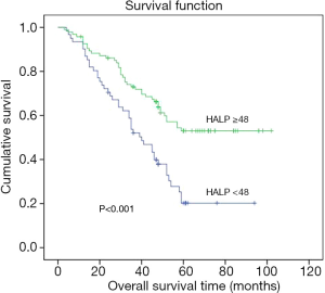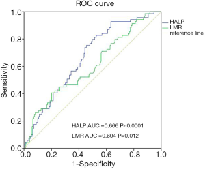 Predictive value of the hemoglobin, albumin, lymphocyte, and platelet (HALP) score and lymphocyte-to-monocyte ratio (LMR) in patients with non-small cell lung cancer after radical lung cancer surgery
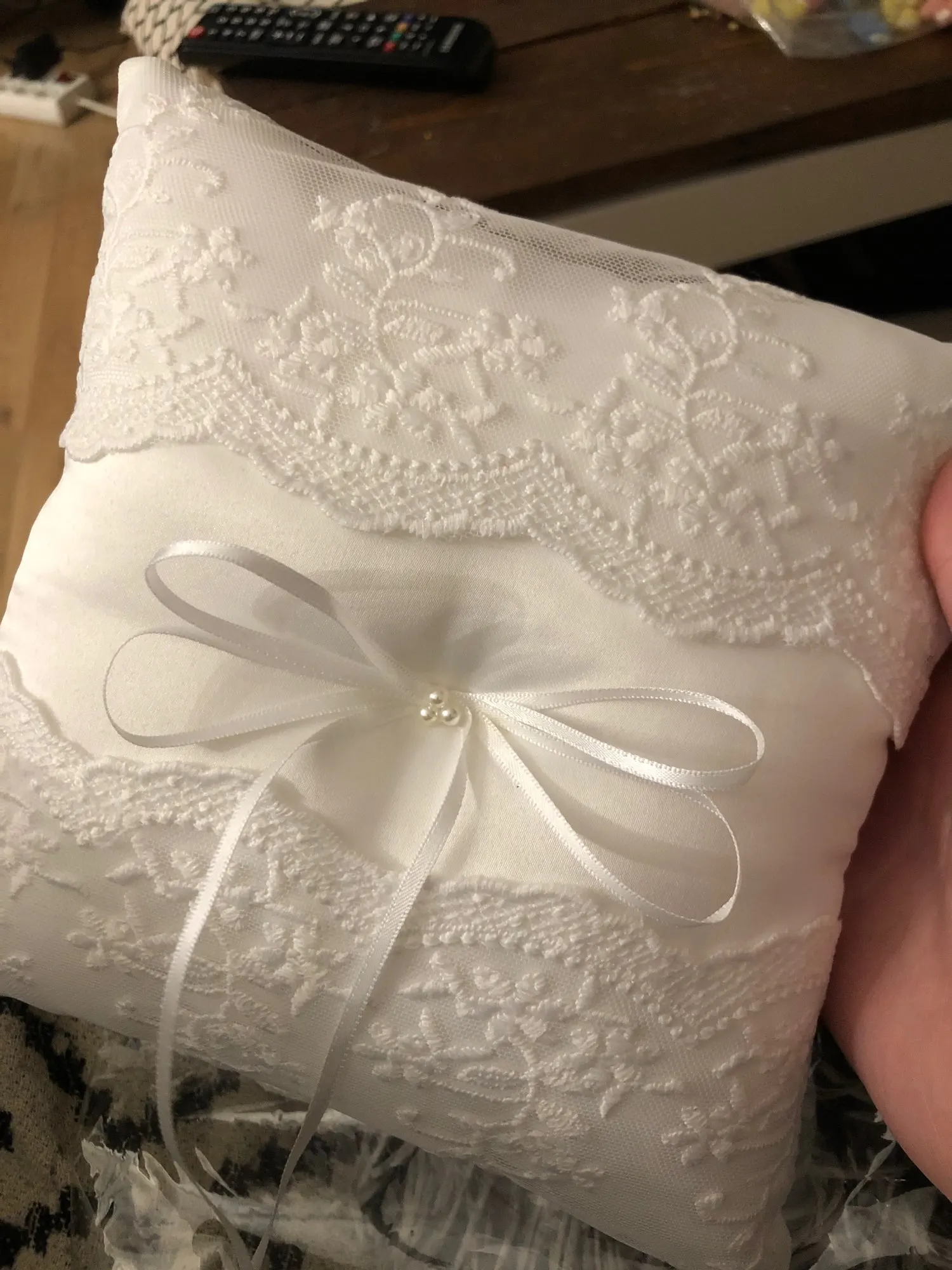 MagiDeal нежный Свадебная церемония, вечеринка жемчуг кружевное кольцо Подушка для помолвки Свадебное предложение декор белый
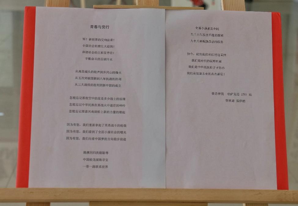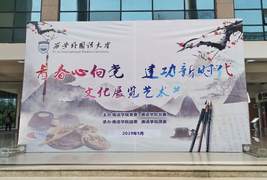 在中华人民共和国成立70周年、五四运动100周年之际,为激励和引导广大学生紧握新时代主旋律,弘扬五四精神,坚定文化自信,正确认识责任使命,5月9日至5月14日,德语学院党委与俄语学院党委共同举办“青春心向党•建功新时代”文化展览艺术节活动。
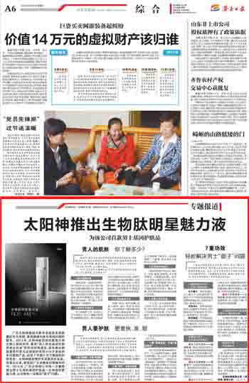 济南日报报道:太阳神推出生物肽明星魅力液
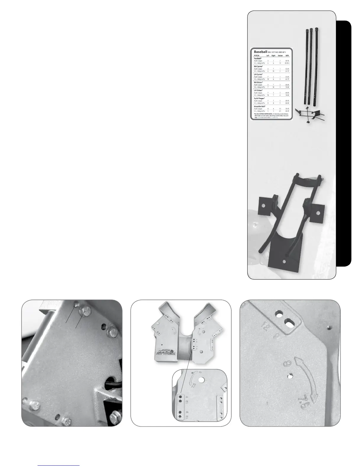 7. Install baseball feed chute (Reuse the three bolts that held the softball chute to secure
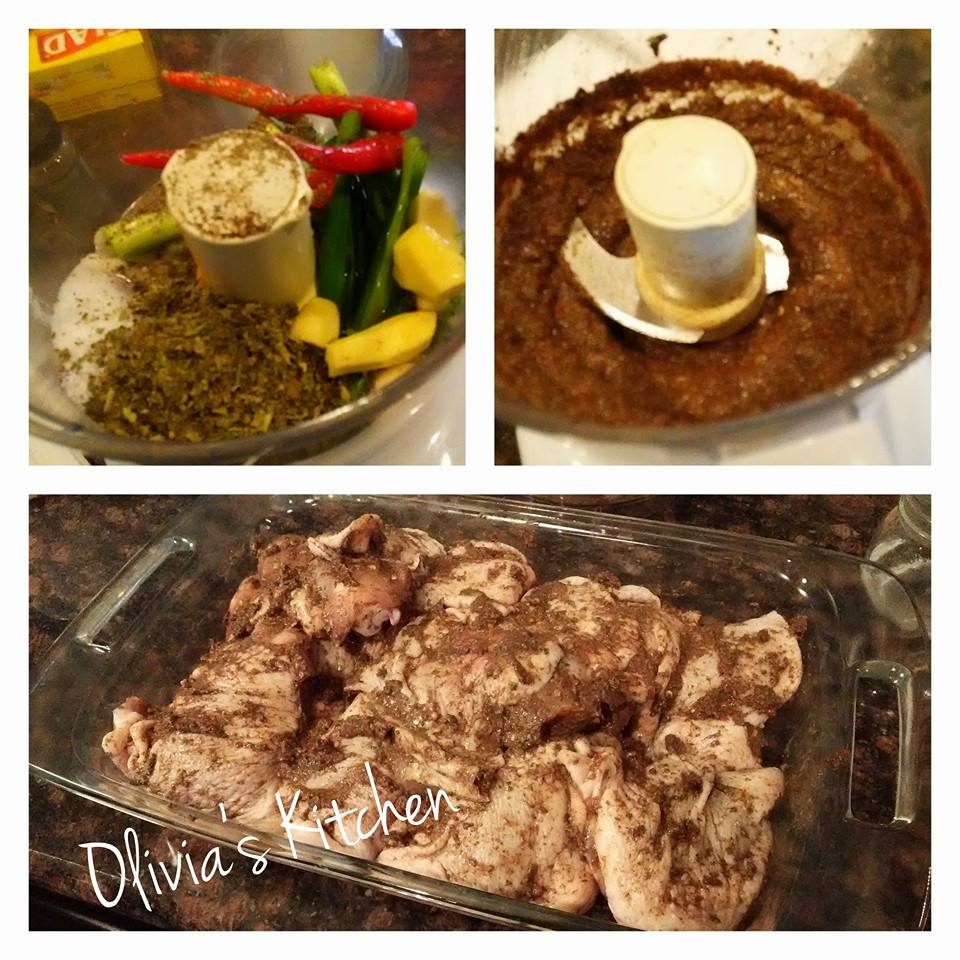 1. Blend all ingredients in food processor until mixture becomes smooth and pasty , marinade your chicken thighs with the spices . Rub all over the chicken and let it marinade for at least an hour , up to overnight .
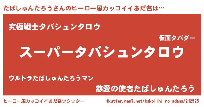 | 女子向けラノベタイトル風あだ名 | 『たばしゅんたろうの玉の輿計画!』 |
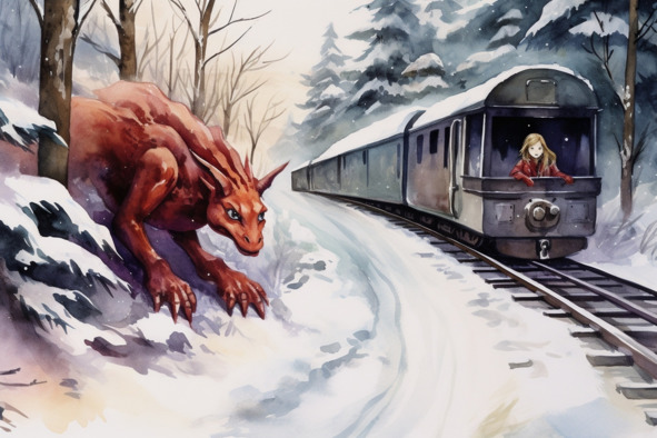 Всю ночь шнырял Тит от облака к облаку в своей тайной погоне за поездом. Чуть рассвет забрезжил, догнал-таки! Но тут уж не до полётов – ныряем в дебри лесные и оттуда нос драконий не кажем! Конечно, трудно такой тушке красной незаметной на снегу оставаться. Тут хоть под сугробы лезь, как крот-переросток под землю! Но делать нечего. Ни уменьшиться, ни невидимым стать Тит не может, пока на шее ошейник волшебный бряцает. Будь он неладен!
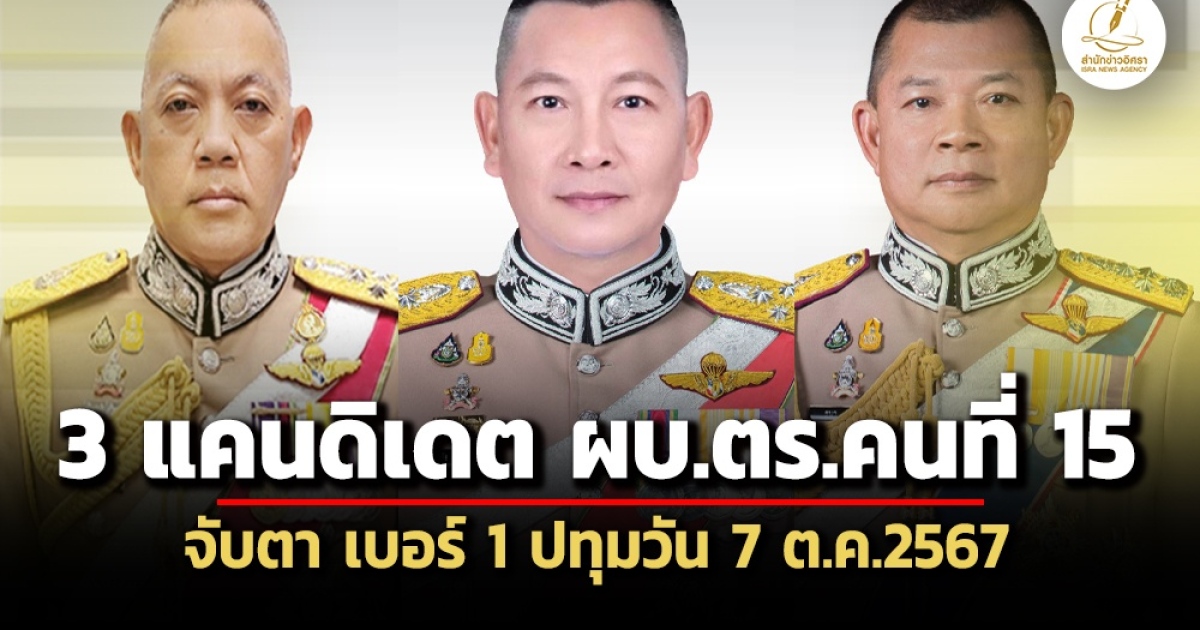 เปิดวาระการประชุม ก.ตร. 7 ต.ค.67 แพทองธาร เป็นประธาน จับตา 3 แคนดิเดตอาวุโสสูงสุด พล.ต.อ.กิตติ์รัฐ พันธุ์เพ็ชร์-พล.ต.อ.ไกรบุญ ทรวดทรง -พล.ต.อ.ธนา ชูวงศ์ ดำรงตำแหน่ง ผบ.ตร.คนใหม่-คนที่ 15

• • •

If an entry contains an image, skip the image and return the rest of the listing unchanged.

 Predictive value of the hemoglobin, albumin, lymphocyte, and platelet (HALP) score and lymphocyte-to-monocyte ratio (LMR) in patients with non-small cell lung cancer after radical lung cancer surgery
 MagiDeal нежный Свадебная церемония, вечеринка жемчуг кружевное кольцо Подушка для помолвки Свадебное предложение декор белый
 在中华人民共和国成立70周年、五四运动100周年之际,为激励和引导广大学生紧握新时代主旋律,弘扬五四精神,坚定文化自信,正确认识责任使命,5月9日至5月14日,德语学院党委与俄语学院党委共同举办“青春心向党•建功新时代”文化展览艺术节活动。
 济南日报报道:太阳神推出生物肽明星魅力液
 7. Install baseball feed chute (Reuse the three bolts that held the softball chute to secure
 1. Blend all ingredients in food processor until mixture becomes smooth and pasty , marinade your chicken thighs with the spices . Rub all over the chicken and let it marinade for at least an hour , up to overnight .
 | 女子向けラノベタイトル風あだ名 | 『たばしゅんたろうの玉の輿計画!』 |
 Всю ночь шнырял Тит от облака к облаку в своей тайной погоне за поездом. Чуть рассвет забрезжил, догнал-таки! Но тут уж не до полётов – ныряем в дебри лесные и оттуда нос драконий не кажем! Конечно, трудно такой тушке красной незаметной на снегу оставаться. Тут хоть под сугробы лезь, как крот-переросток под землю! Но делать нечего. Ни уменьшиться, ни невидимым стать Тит не может, пока на шее ошейник волшебный бряцает. Будь он неладен!
 เปิดวาระการประชุม ก.ตร. 7 ต.ค.67 แพทองธาร เป็นประธาน จับตา 3 แคนดิเดตอาวุโสสูงสุด พล.ต.อ.กิตติ์รัฐ พันธุ์เพ็ชร์-พล.ต.อ.ไกรบุญ ทรวดทรง -พล.ต.อ.ธนา ชูวงศ์ ดำรงตำแหน่ง ผบ.ตร.คนใหม่-คนที่ 15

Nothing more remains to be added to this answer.